● Given information:
--------------------
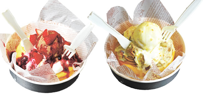 自家製ジェラートと生クリームがたっぷりのった「ジェラートon theパンケーキ」は8月の週末限定商品。モンブランとベリーの2種類あり、食べられるのは27日(土)、28日(日)の2日間が最後です。
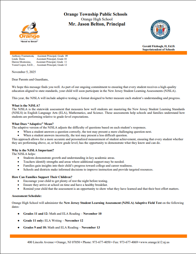 Orange High School is a vibrant and diverse learning community committed to academic excellence, personal growth, and community involvement. Located in the heart of Orange, NJ the school offers a wide range of programs, including advanced academics, arts, athletics, and career pathways. With dedicated staff and a supportive environment, Orange High prepares students for success in college, careers, and life beyond the classroom.
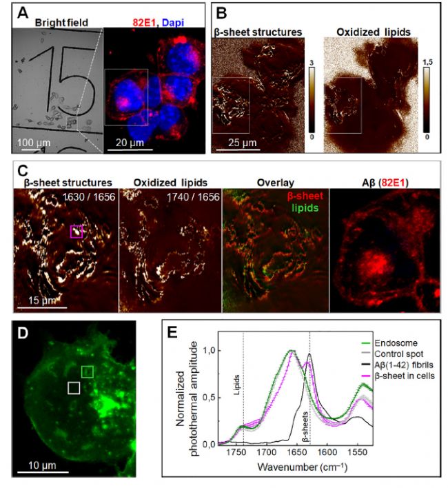 圖8 無(wú)熒光標(biāo)記條件下單個(gè)細(xì)胞的O-PTIR顯微光譜及成像分析
--------------------
● Work task: Retype each line above exactly and leave out any picture.

● Response area:
 自家製ジェラートと生クリームがたっぷりのった「ジェラートon theパンケーキ」は8月の週末限定商品。モンブランとベリーの2種類あり、食べられるのは27日(土)、28日(日)の2日間が最後です。
 Orange High School is a vibrant and diverse learning community committed to academic excellence, personal growth, and community involvement. Located in the heart of Orange, NJ the school offers a wide range of programs, including advanced academics, arts, athletics, and career pathways. With dedicated staff and a supportive environment, Orange High prepares students for success in college, careers, and life beyond the classroom.
 圖8 無(wú)熒光標(biāo)記條件下單個(gè)細(xì)胞的O-PTIR顯微光譜及成像分析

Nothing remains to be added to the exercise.